A commodity future is a financial contract that allows investors to buy or sell a specific quantity of a commodity at a predetermined price in the future. The Chicago Board of Trade (CBT) is one of the major exchanges where these contracts are traded. Investors can trade various commodities on the CBT, including agricultural commodities, energy commodities, and metals.

Step-by-step explanation:

A commodity future refers to a financial contract that allows investors to buy or sell a specific quantity of a particular commodity at a predetermined price, with delivery and payment occurring at a future date. These contracts are traded on commodity futures exchanges, such as the Chicago Board of Trade (CBT), which is one of the major futures exchanges.

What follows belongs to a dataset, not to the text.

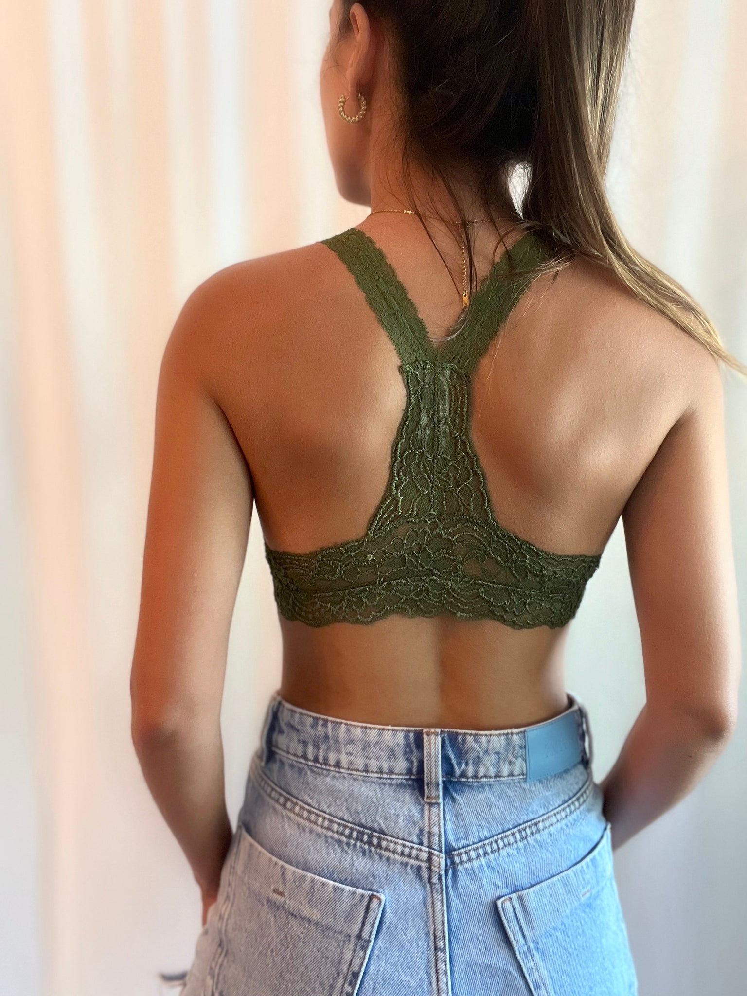 • Load image into Gallery viewer, Lace Racerback Bralette- Olive

For example, suppose an investor wants to purchase crude oil at a specific price in the future. They can enter into a commodity future contract to buy a certain number of barrels of crude oil at that predetermined price. If the price of crude oil increases in the future, the investor can sell the contract for a profit.

The CBT, also known as the Chicago Mercantile Exchange (CME) Group, offers a range of commodity futures contracts, including agricultural commodities (such as corn and wheat), energy commodities (such as crude oil and natural gas), metals (such as gold and silver), and more. These contracts provide investors with opportunities to speculate on the future prices of these commodities and manage their exposure to price fluctuations.